Thursday, February 27, 2020

Sermon: Create in me a clean and simple heart (Ash Wednesday 2020)


Ash Wednesday
February 26, 2020
Psalm 51


            “Create in me a clean heart O God, and renew a right spirit within me! Cast me not away from your presence, and take not your Holy Spirit from me. Restore to me the joy of your salvation, and uphold me with your free spirit.” [LWB Setting 1]
            You may recognize that tune and of course those words from LBW Setting 1. That’s the hymnal I grew up with, and those are the words and tune that are written on my heart and always will be. We sing that each week here, though usually with a different tune. It is the standard offertory hymn, generally sung as the offering is brought forward and we prepare for communion. During Lent, though, this ancient text serves for us a different purpose. We heard it today as our Psalm reading – as we do every Ash Wednesday and every Holy Week and sometimes at some other point during Lent.

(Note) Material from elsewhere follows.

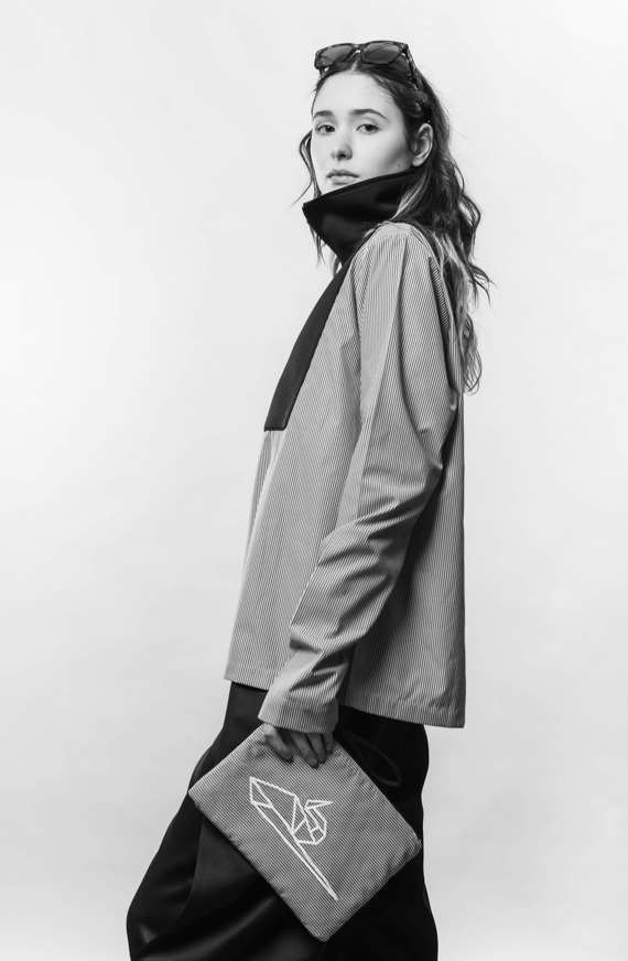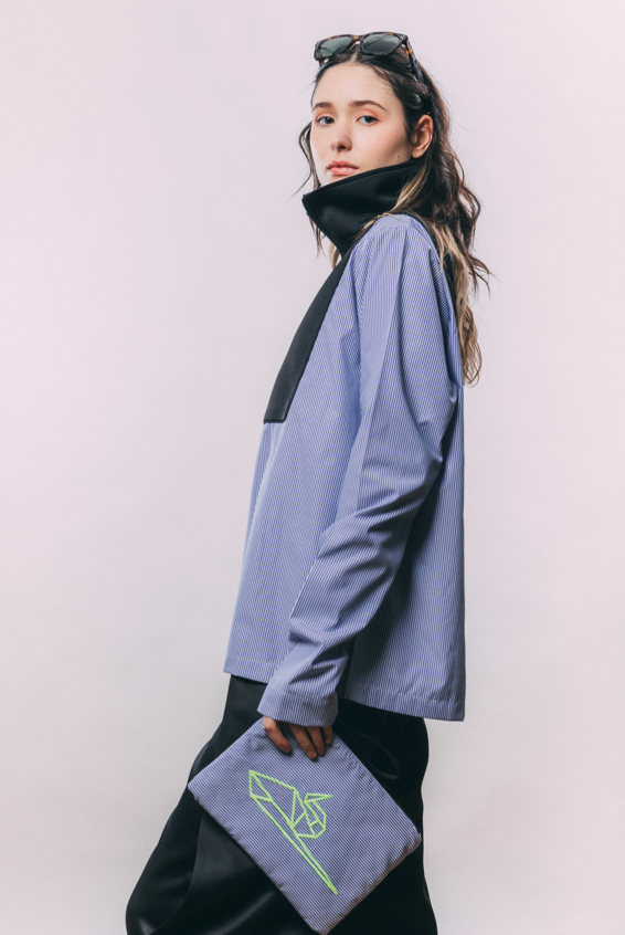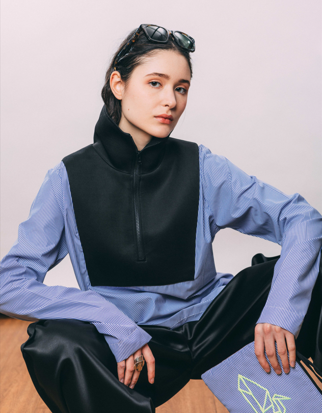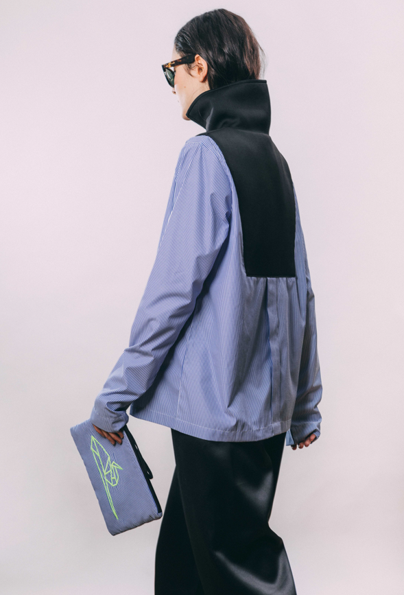 A hybrid piece that blends tailoring with technical inspiration. This shirt features a classic shirt striped with a bold contrast panel and a high stand-up collar with a zip closure. The result is a sculptural, graphic silhouette that elevates a classic shirting shape into something distinctly contemporary.

And this is with good reason, because Psalm 51 is the quintessential Lenten Psalm, because of its deeply penitential nature. Tradition says that King David wrote this Psalm after being confronted regarding his series of mishaps in which he coveted someone else’s wife (Bathsheba) as she bathed on the roof, then arranged to have her husband Uriah killed in battle, then took Bathsheba as his own wife. (It’s a great story for teaching confirmation students about the 10 Commandments, because David epically breaks so many of them in so short a time!) When David’s prophet Nathan confronts him, David is deeply contrite, and he writes this Psalm.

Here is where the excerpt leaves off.